Speech-to-text: FluidAudio Parakeet TDT V3. This is the STT model that powers push-to-talk. It runs on the Neural Engine at approximately 210x realtime, meaning it processes a 10-second utterance in under 50ms. The model stays loaded in memory as a keep-warm backend, eliminating cold-start delays. End-to-end latency from key release to text insertion is approximately 140ms. FluidAudio handles the ANE compilation and audio preprocessing. You do not interact with the model directly.
Command interpretation: any local LLM via llama.cpp. For push-to-command, the transcribed speech is sent to a local LLM along with tool definitions for all 29 MCP action tools. The LLM selects the right tool and fills in parameters. A 3B model (Llama 3.2 3B, roughly 3GB RAM) handles straightforward commands reliably. An 8B model (Llama 3.1 8B, roughly 6GB RAM) improves accuracy for ambiguous or multi-step instructions. The LLM runs on the Metal GPU via llama.cpp.

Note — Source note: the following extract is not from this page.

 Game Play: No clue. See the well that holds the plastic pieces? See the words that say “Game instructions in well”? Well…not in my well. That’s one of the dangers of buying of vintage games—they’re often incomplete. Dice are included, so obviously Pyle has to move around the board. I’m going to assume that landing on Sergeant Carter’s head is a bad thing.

Hardware requirements. Any Apple Silicon Mac (M1 or later) runs the full pipeline. The STT model uses the Neural Engine, which is idle during most workloads. The LLM uses the Metal GPU. ActionPiper itself uses roughly 20MB. With a 3B LLM and the STT model loaded, expect approximately 5GB total memory usage for the automation pipeline. A Mac with 16GB handles this comfortably alongside normal workloads. An 8GB machine can run it but with less headroom for other applications.

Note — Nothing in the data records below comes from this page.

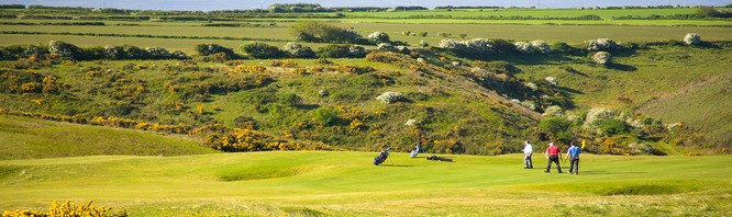 Nature has been kind to Southerndown and ´natural´ is the word most often used to describe it. No trees or water hazards, just bracken, gorse, bunkers and wind! As you stand on the first tee looking across the sea to Porthcawl and the giant sand dunes, which border the Ogmore River valley, imagine the centuries of fierce sand storms which have given Southerndown its downland-links character – its undulating fairways, fine grasses and tight lies. It´s no surprise that the course drains quickly and rarely closes in bad weather.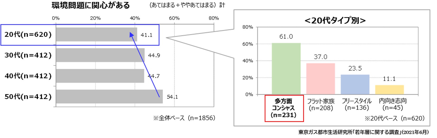 ※東京ガス都市生活研究所の調査により、10代の環境への関心は20~50代よりも高いことが明らかになっています。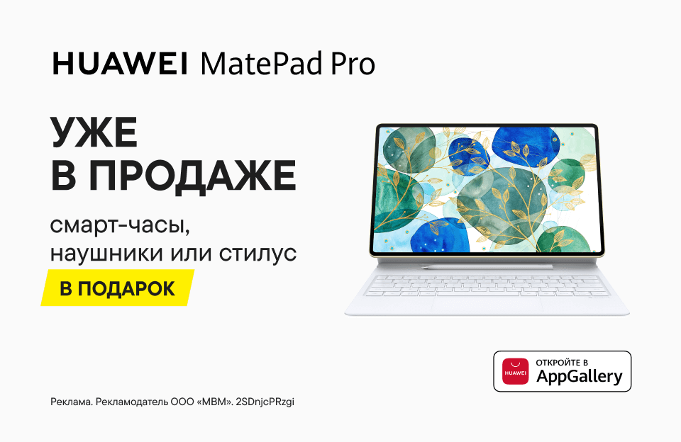 Купи планшет HUAWEI MatePad Pro 12.2 и получи подарок на выбор: смарт-часы, наушники или стилус.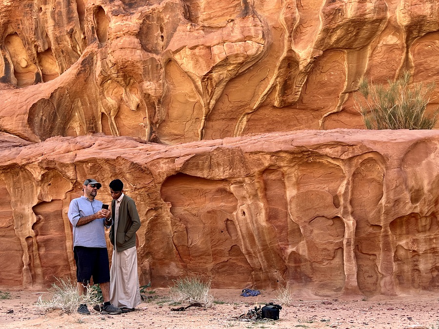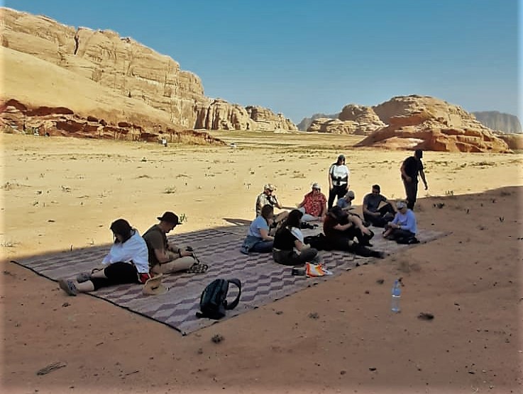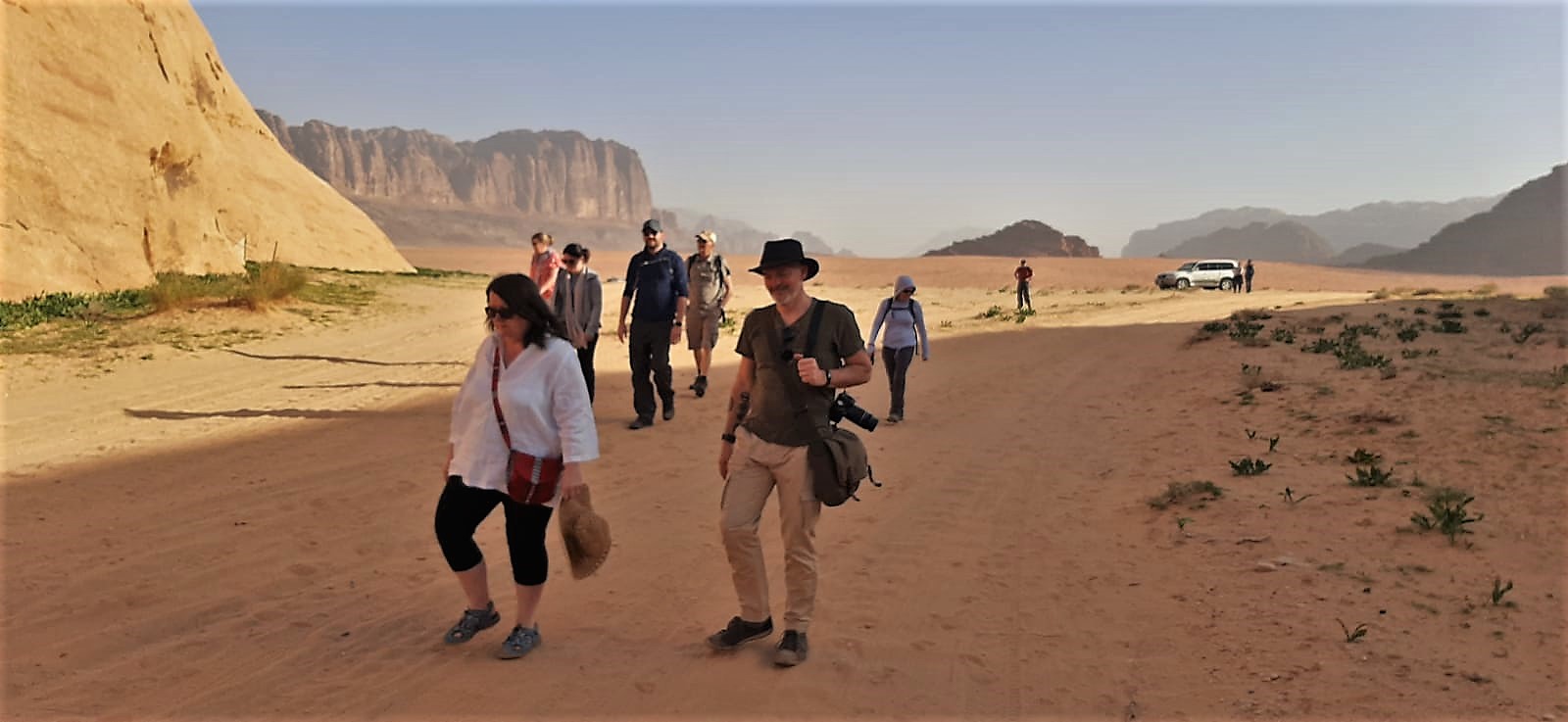 Soon everyone arrived, mostly fresh faced apart from Darren and Andrea who struggled to sleep. After we had all eaten and freshened up we gathered together back in the large tent to wait for Musa who was going to lead us on a guided hike this morning. It was an early start to avoid the heat as much as possible. "I'm not sure that following Moses across the desert is a good idea" I said to Julie. "The last group who did that were lost for forty years!"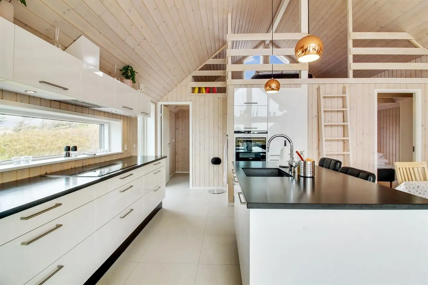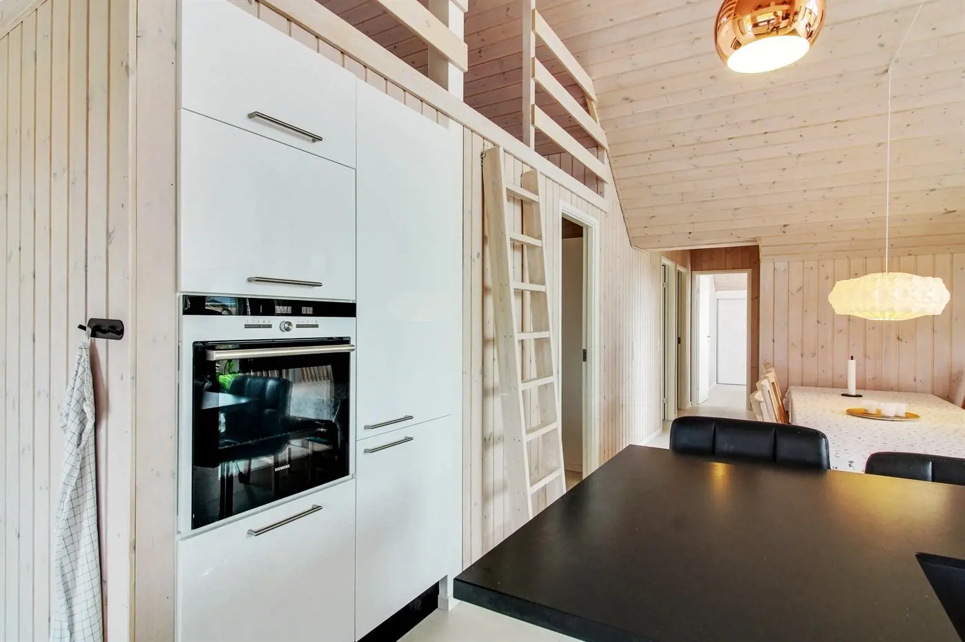 Die Küche ist mit 2 Kühlschränke ausgestattet . Außerdem gibt es 4 Induktions-Kochzonen, Umluftofen, Mikrowelle sowie Geschirrspüler.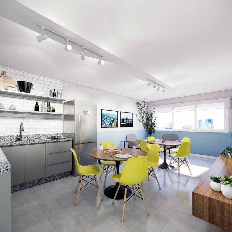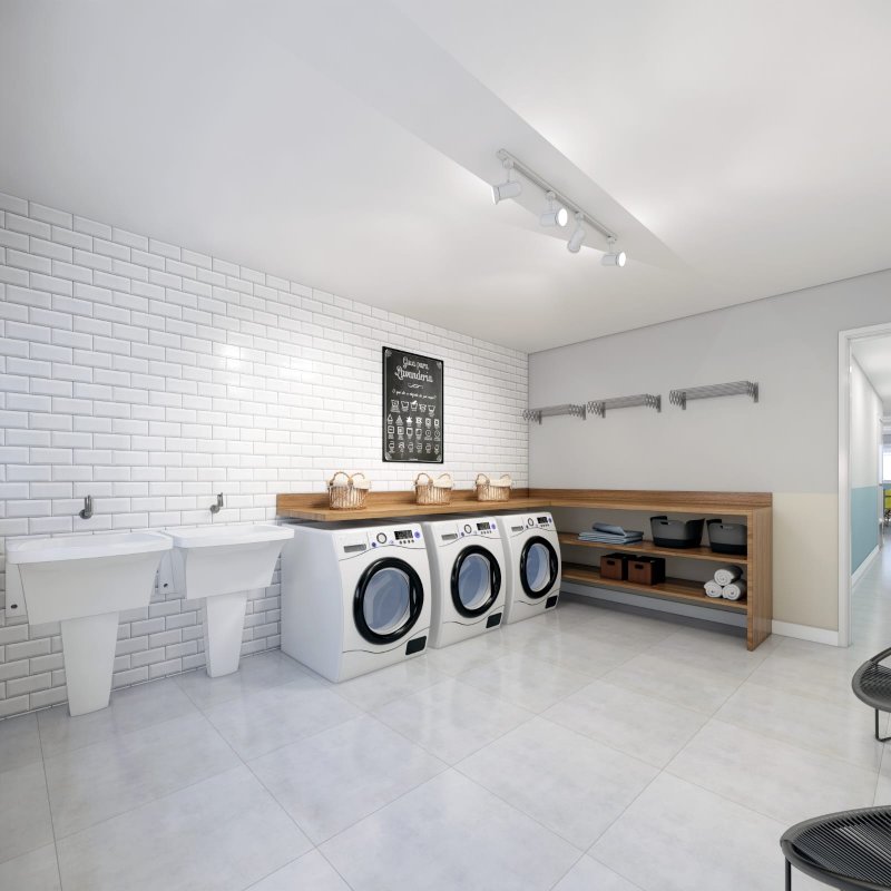 Vagas individuais, 1 por apto, p motos/bykes. 1 vaga PNE carga e decarga; 10 aptos c 1 qto, banheiro, copa/cozinha, sala, varanda c 46 m2 area util, 20,34 m2 área comum. 5° andar, Espaco Gourmet, Lavanderia Comunitaria, banheiro PNE todos entregue montados. Condominio ~ 300, IPTU 100. 5 Studios 30 m2.

Local versus cloud automation
The most common question about local AI automation is whether it is actually better than cloud-based alternatives. The honest answer depends on what you value.
Privacy. Local automation processes everything on your hardware. No audio recordings leave your Mac. No command transcripts are sent to external servers. No system state information is shared with cloud providers. This is a hard requirement for some users and irrelevant to others. If you work with sensitive information or in regulated environments, local processing is not a nice-to-have. It is mandatory.

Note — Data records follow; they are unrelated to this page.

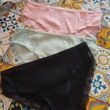 Trendy Design: Low-rise style with lace patchwork detail.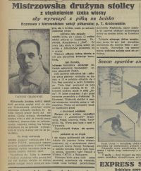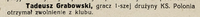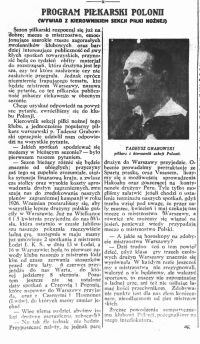 "(...) Dziś inż. Tadeusz Grabowski powrócił znów do piłki nożnej. Oczywiście nie jako zawodnik, ale jako działacz, zawsze całym sercem oddany piłce i sportowi. Inż. Grabowski powołany został do Rady Seniorów reaktywowanego klubu "Polonia" oraz pracuje już od kilku miesięcy jako przewodniczący Sekcji Młodzieżowej PZPN. (...)"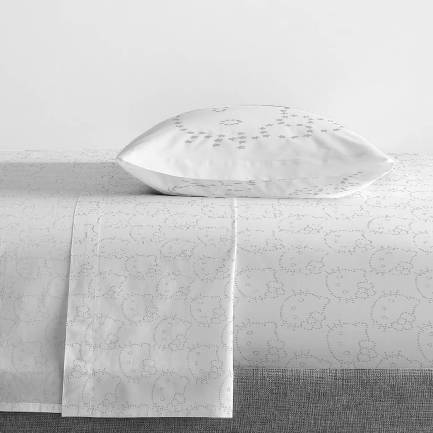 Подарите себе незабываемые впечатления от сна с этим комплектом постельного белья Hello Kitty для двуспальной кровати! Этот очаровательный комплект украсит любую спальню и заставит любого поклонника Hello Kitty с нетерпением ждать момента, когда он сможет лечь спать! Каждый супермягкий комплект постельного белья из микрофибры включает в себя простыню на резинке, обычную простыню и одну стандартную двустороннюю наволочку. Размер простыни на резинке: 39 x 75 дюймов, обычной простыни: 66 x 96 дюймов, а также одна стандартная наволочка размером 20 x 30 дюймов. Это только комплект постельного белья, одеяло продается отдельно. Легкий уход: машинная стирка в холодной воде, сушка в сушилке при низкой температуре.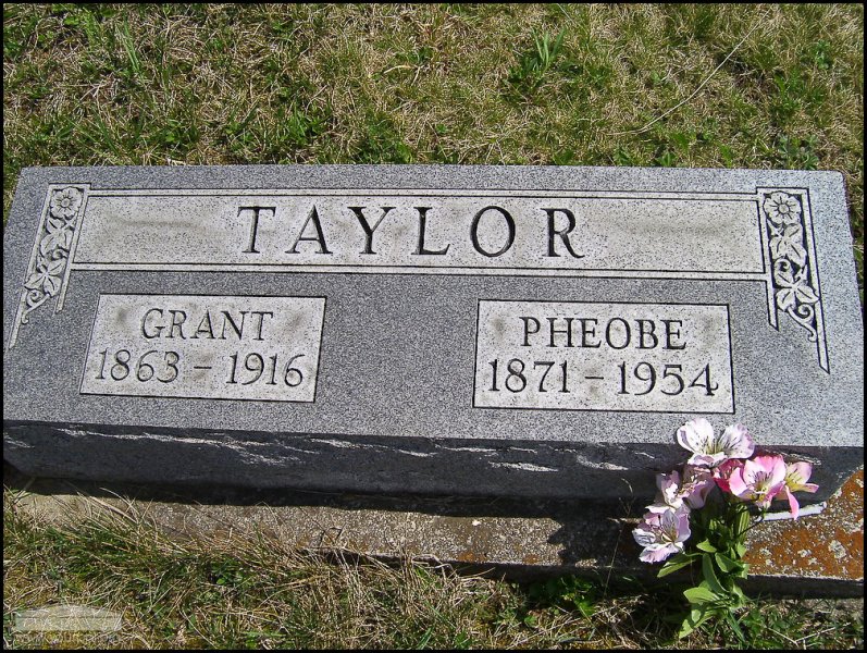 - Photo image of the headstone of Grant and Pheobe Taylor in Mt. Joy Cemetery located in Scioto County.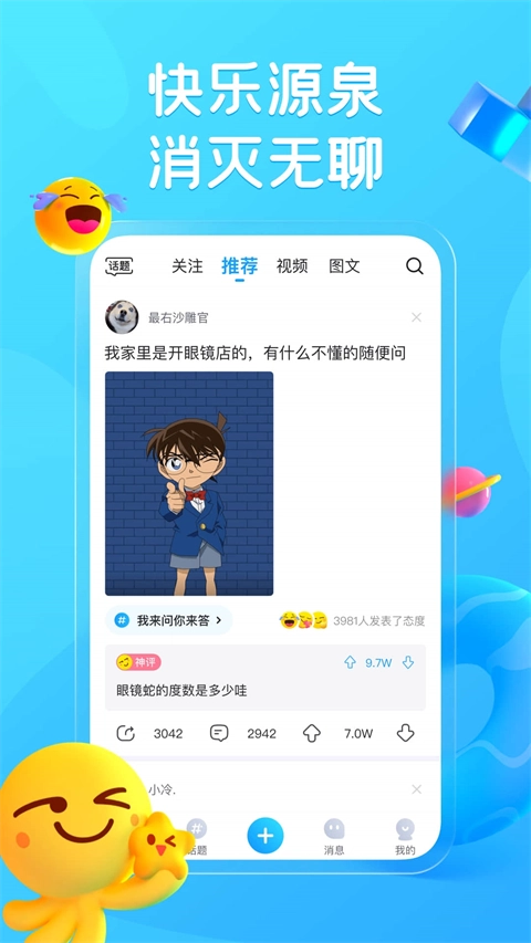 文字、视频、图片,百万种表达方式任你挑选。热门神帖、搞笑GIF图,让你笑到肚子疼!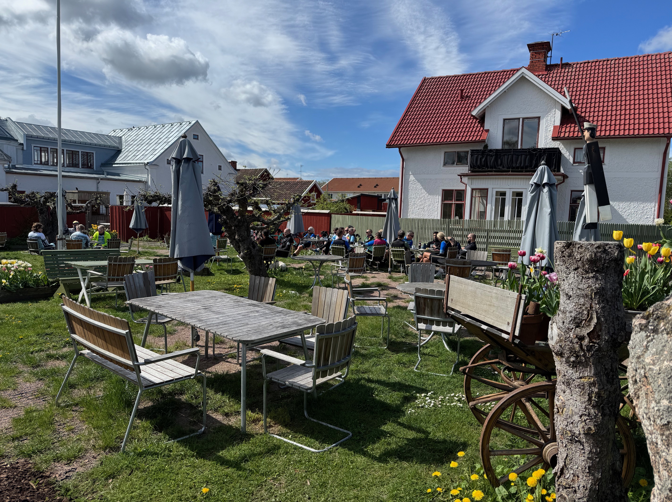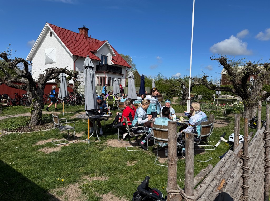 Under den tiden som vi satt där och fikade, kom säkert 4- 5 gäng med många cyklister i varje gäng och tog de sista platserna vid borden ute. 2 personer i kassan, resten av personalen bakar, brygger kaffe, diskar och fyller på. Det går undan …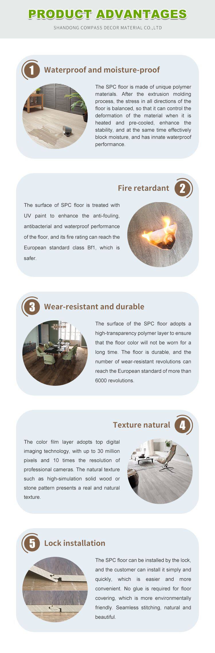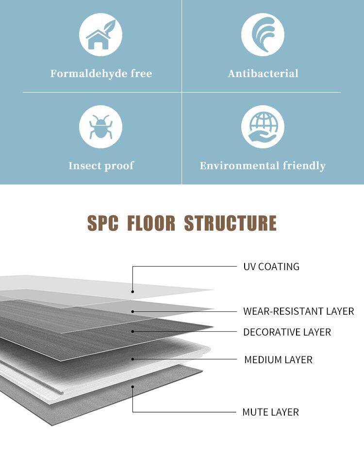 SPC flooring works well both for commercial and residential spaces.UV coated wear layer makes it resistant to scratches and stains under daily wear. With a unique click system and edge design, SPC vinyl planks are connected seamlessly and tightly without glue.The flooring installation can be faster and easier. it look more realistic.

Latency. ActionPiper's push-to-talk pipeline runs at 140ms end-to-end. Cloud-based voice assistants add 200-500ms of network latency before processing even begins. For single commands, the difference is subtle. For rapid-fire voice commands during a workflow, the gap becomes noticeable. Local processing also works without an internet connection, which matters on planes, in cafes with poor Wi-Fi, and during network outages.
Flexibility. Siri supports Apple's predefined intent set. You cannot add custom action domains, define new parameter schemas, or extend the command vocabulary beyond what Apple ships. ActionPiper's 26 domains and 142 actions are the current set. When new domains are added, they become available immediately through the same voice and MCP interfaces. The LLM interprets natural language against whatever tool definitions are present.
Integration. Cloud assistants like Siri and Google Assistant operate in their own context. You speak to them, they respond, and you go back to what you were doing. ActionPiper's MCP tools integrate directly into development environments. Claude Code, Cursor, and Windsurf can dispatch system actions as part of larger AI workflows. This is a fundamentally different interaction model: system automation as a tool call within a broader task, not a separate conversational exchange.
Quality tradeoff. Cloud LLMs (GPT-4o, Claude) are more capable than local 3B or 8B models for complex reasoning. For automation command interpretation, this gap matters less than you might expect. Tool selection from a defined set of 29 tools with structured schemas is a constrained task. A 3B model handles it reliably for single-step commands. Multi-step commands with ambiguity benefit from larger models, and ToolPiper supports routing to cloud LLMs if you prefer accuracy over privacy for command interpretation.